All of lore.kernel.org
 help / color / mirror / Atom feed
From: Colin Cross <ccross@android.com>
To: linux-kernel@vger.kernel.org
Cc: Colin Cross <ccross@android.com>, Paul Menage <menage@google.com>,
	Li Zefan <lizf@cn.fujitsu.com>,
	containers@lists.linux-foundation.org
Subject: [PATCH] cgroup: Convert synchronize_rcu to call_rcu in cgroup_attach_task
Date: Sun, 21 Nov 2010 20:06:07 -0800	[thread overview]
Message-ID: <1290398767-15230-1-git-send-email-ccross@android.com> (raw)
In-Reply-To: <AANLkTikx6d0_VFtZ4zWQucRCf=vFt7N2M6=0jpnKasEE@mail.gmail.com>

The synchronize_rcu call in cgroup_attach_task can be very
expensive.  All fastpath accesses to task->cgroups that expect
task->cgroups not to change already use task_lock() or
cgroup_lock() to protect against updates, and, in cgroup.c,
only the CGROUP_DEBUG files have RCU read-side critical
sections.

sched.c uses RCU read-side-critical sections on task->cgroups,
but only to ensure that a dereference of task->cgroups does
not become invalid, not that it doesn't change.

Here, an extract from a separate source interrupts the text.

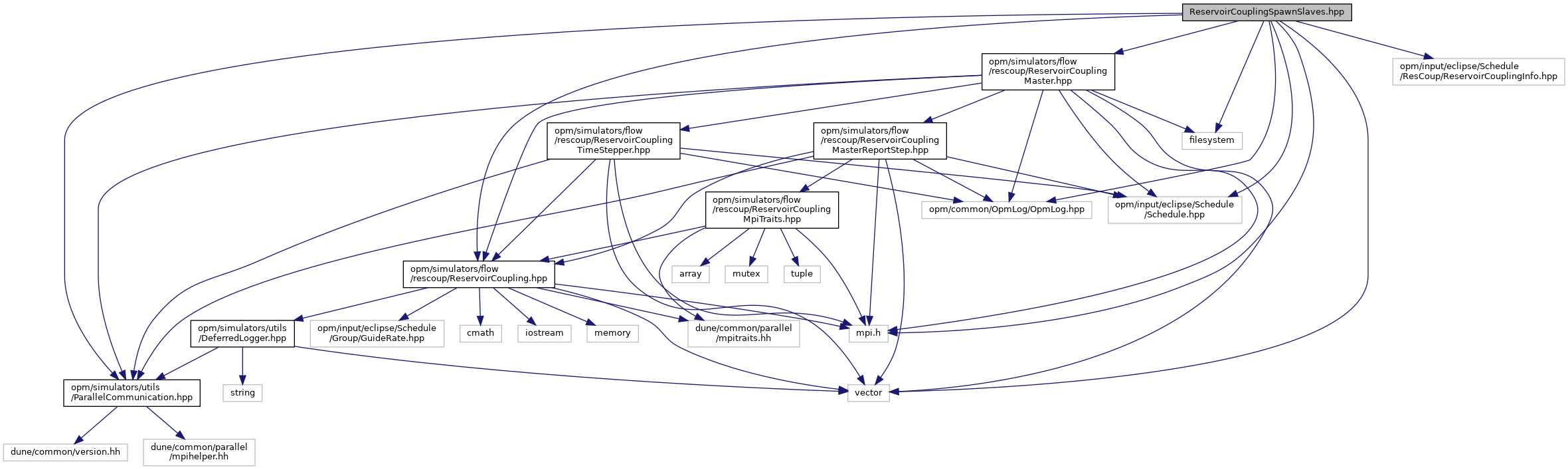 ReservoirCouplingSpawnSlaves.hpp File Reference #include <opm/simulators/utils/ParallelCommunication.hpp>#include <opm/simulators/flow/rescoup/ReservoirCoupling.hpp>#include <opm/simulators/flow/rescoup/ReservoirCouplingMaster.hpp>#include <opm/input/eclipse/Schedule/ResCoup/ReservoirCouplingInfo.hpp>#include <opm/input/eclipse/Schedule/Schedule.hpp>#include <opm/common/OpmLog/OpmLog.hpp>#include <mpi.h>#include <filesystem>#include <vector>
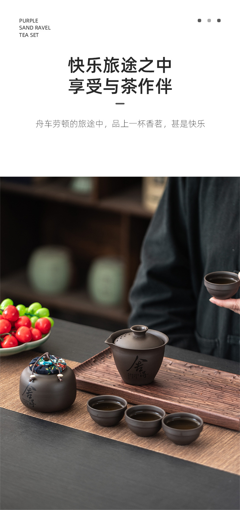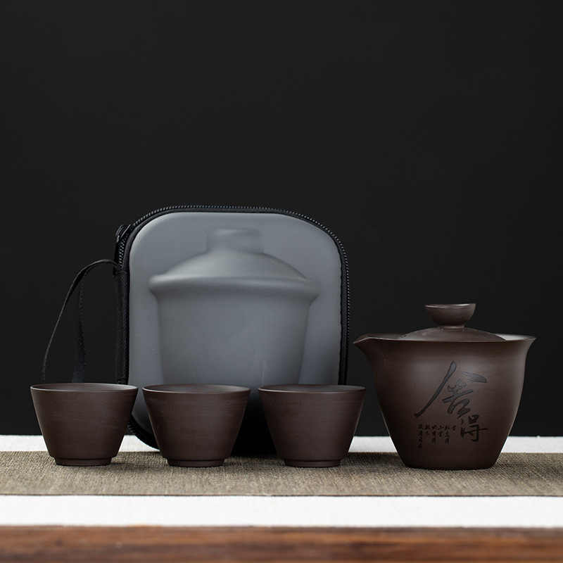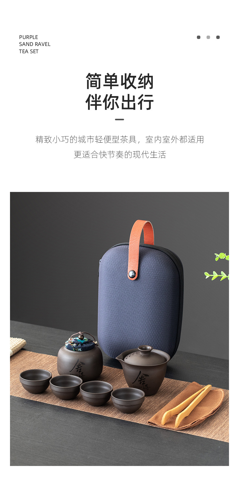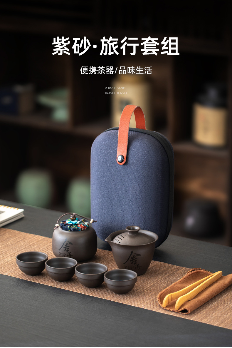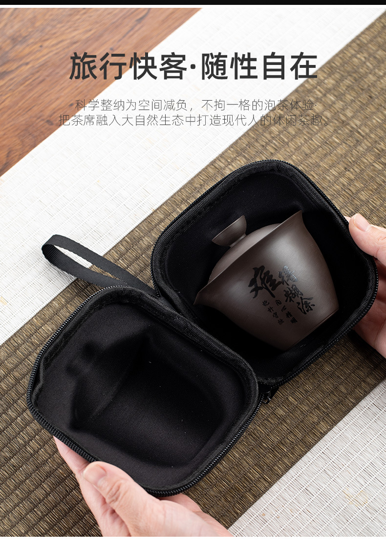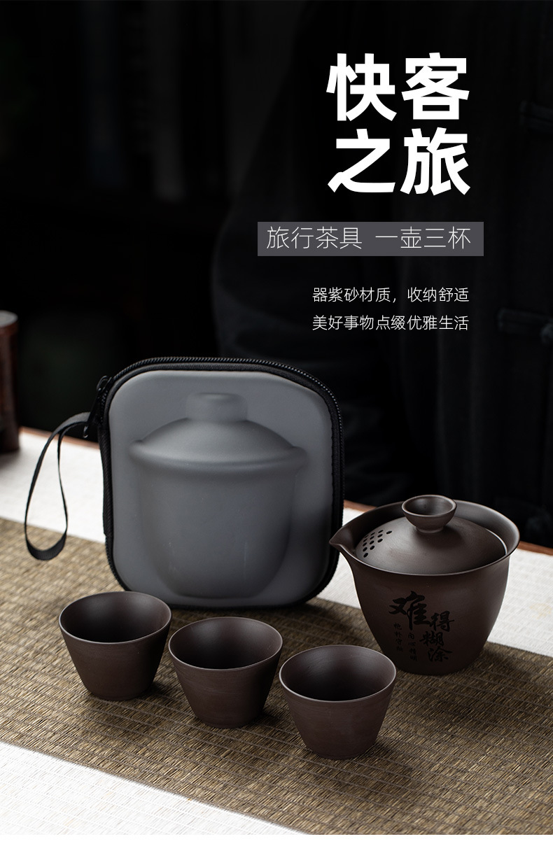 紫泥紫砂茶壶商务旅行茶具快客杯便携式收纳包户外泡车载一壶三杯

This patch adds a function put_css_set_rcu, which delays the
put until after a grace period has elapsed.  This ensures that
any RCU read-side critical sections that dereferenced
task->cgroups in sched.c have completed before the css_set is
deleted.  The synchronize_rcu()/put_css_set() combo in
cgroup_attach_task() can then be replaced with
put_css_set_rcu().

Also converts the CGROUP_DEBUG files that access
current->cgroups to use task_lock(current) instead of
rcu_read_lock().

Signed-off-by: Colin Cross <ccross@android.com>

---

This version fixes the problems with the previous patch by
keeping the use of RCU in cgroup_attach_task, but allowing
cgroup_attach_task to return immediately by deferring the
final put_css_reg to an rcu callback.

 include/linux/cgroup.h |    4 +++
 kernel/cgroup.c        |   58 ++++++++++++++++++++++++++++++++++++++----------
 2 files changed, 50 insertions(+), 12 deletions(-)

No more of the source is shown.